I’ve never had so much fun in my life—good old fashioned, silly fun. Well, yeah, I’ve had plenty of silly fun with Sarah, of course—and with Josh, too—but I’ve never let loose like that with anyone besides those two, and especially not with a whole room full of people, some of whom I honestly didn’t even know. What a stroke of genius on Sarah’s part to rent out Canlis for the occasion. What better place to celebrate than the site of our first date?
“Earth to Jonas.”
I smile at her.
“What are you thinking about, baby?”
“Our amazing wedding.”
“It was amazing, wasn’t it? Did you see Uncle William dancing with Kat?” Sarah asks. “He was adorable.”
“Yeah. And did you see Henn trying to do some kind of, like, weird break dancing thing?”

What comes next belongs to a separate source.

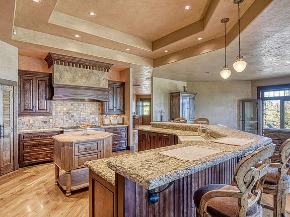 This 6924 SF home is a work of art w/quality craftsmanship & panoramic views! Situated on 26.55 ACs, the scenic views are simply breathtaking! Sophisticated features throughout include soaring ceilings & custom walnut barrel-vaulted ceiling, massive beams, hand-stacked stone fireplaces & walls, custom cabinets, reclaimed wood floors, Italian tile floors, skimmed coated plaster walls, granite & soapstone counters, luxury lighting, wine storage, generator, large windows w/picturesque views from most every room! Luxury living areas include Primary Bedroom Suite w/ensuite Bath & large walk-in closet, 2 additional Bedroom Suites, Formal Living & Dining Rooms, Family & Theater Rooms, Gourmet Kitchen w/Nook, Wine Storage, Office, Laundry Room, Guest Bath, Bonus Room, & a 3-car Garage. Separate 600 SF Carriage House w/2-car garage. Outdoor living spaces include stone patios, custom iron fencing, fire pit & manicured landscaping surrounded by groomed forest w/trails & wildlife. Move in ready!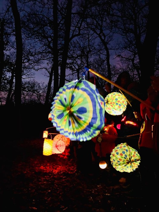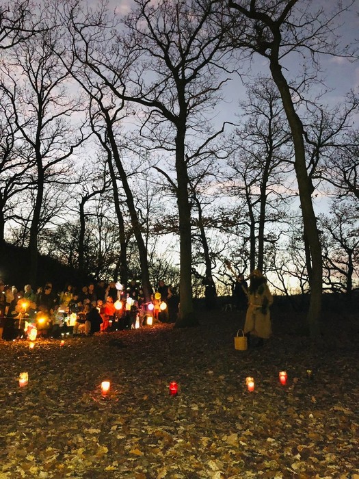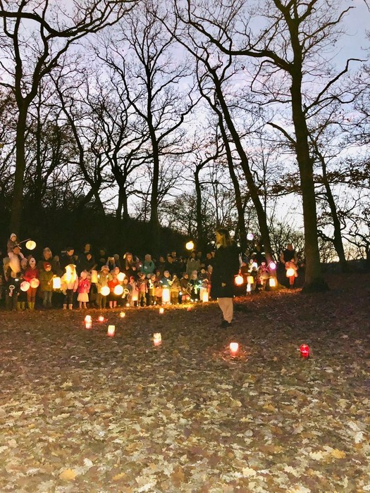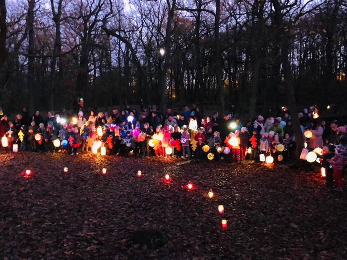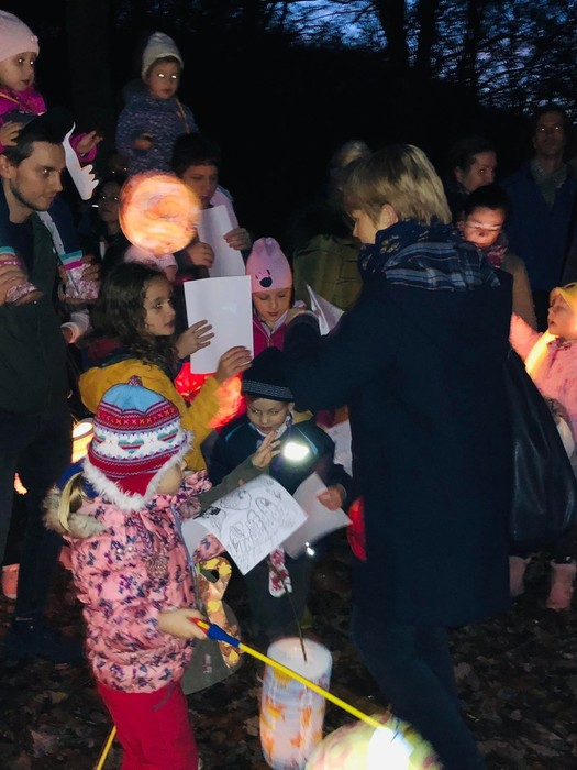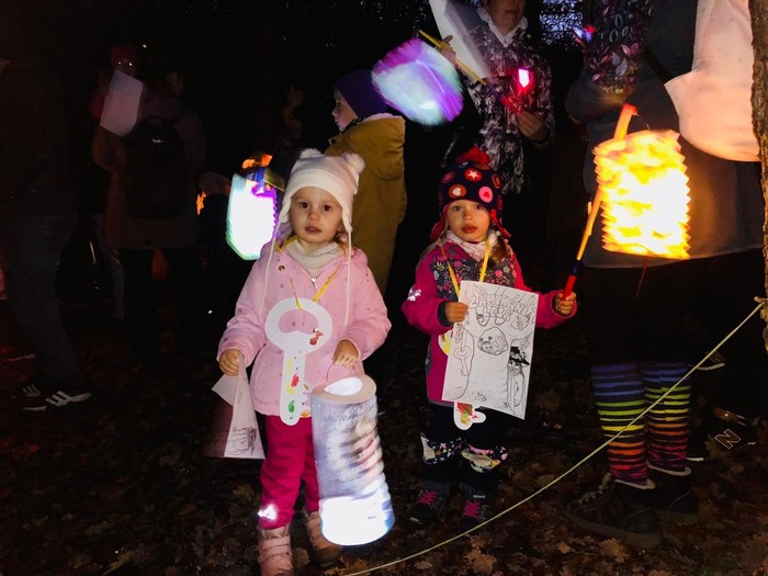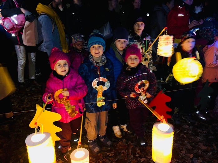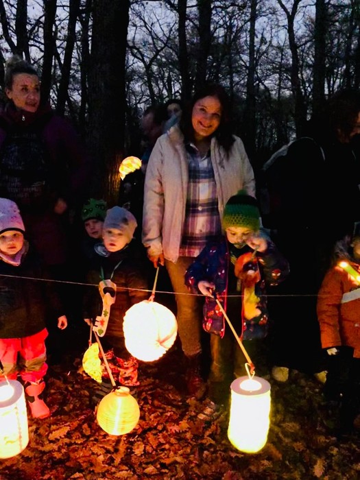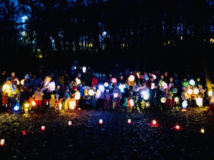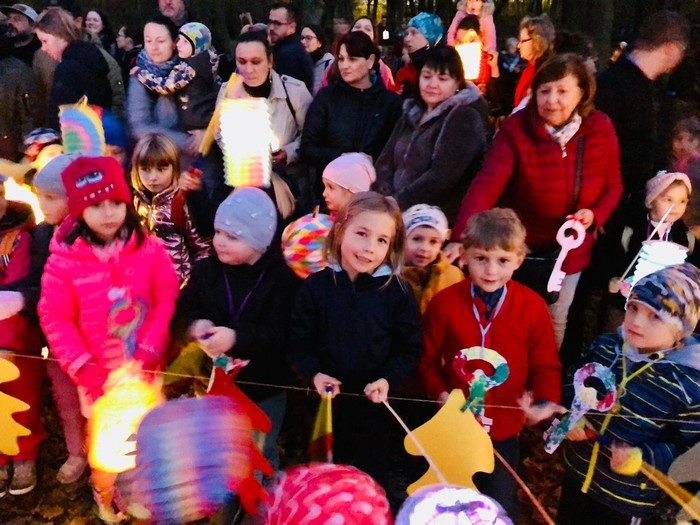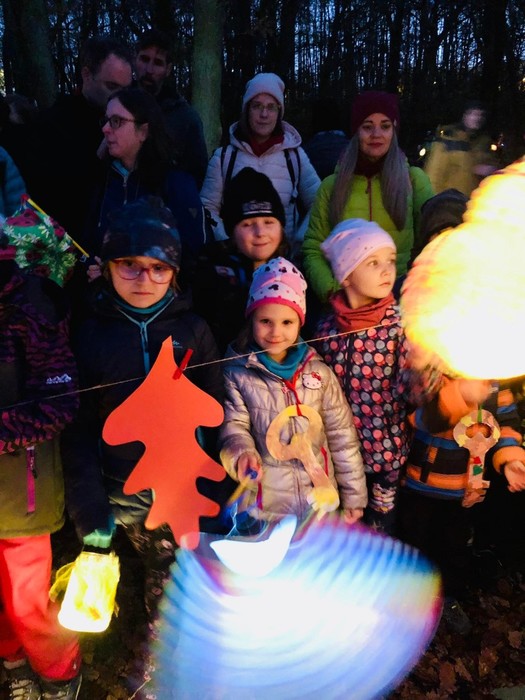 Svatomartinský průvod přinesl podle tradice do lesa světlo, Pán lesa se ukázal a děti mu pomohly symbolicky uložit přírodu k zimnímu odpočívání.

Sarah laughs. “I honestly didn’t know what the heck Henn was trying to do. I was a bit concerned for his safety.”
“And the safety of everyone around him on the dance floor.”
She laughs.
“Let’s do it again soon.”
Sarah shoots me a look that says I’m a complete idiot. “Let me explain something kind of basic to you, love. The thing about having a wedding is that, if you’re really lucky, you only do it once. The whole concept is specifically designed as a one-off.” She smirks.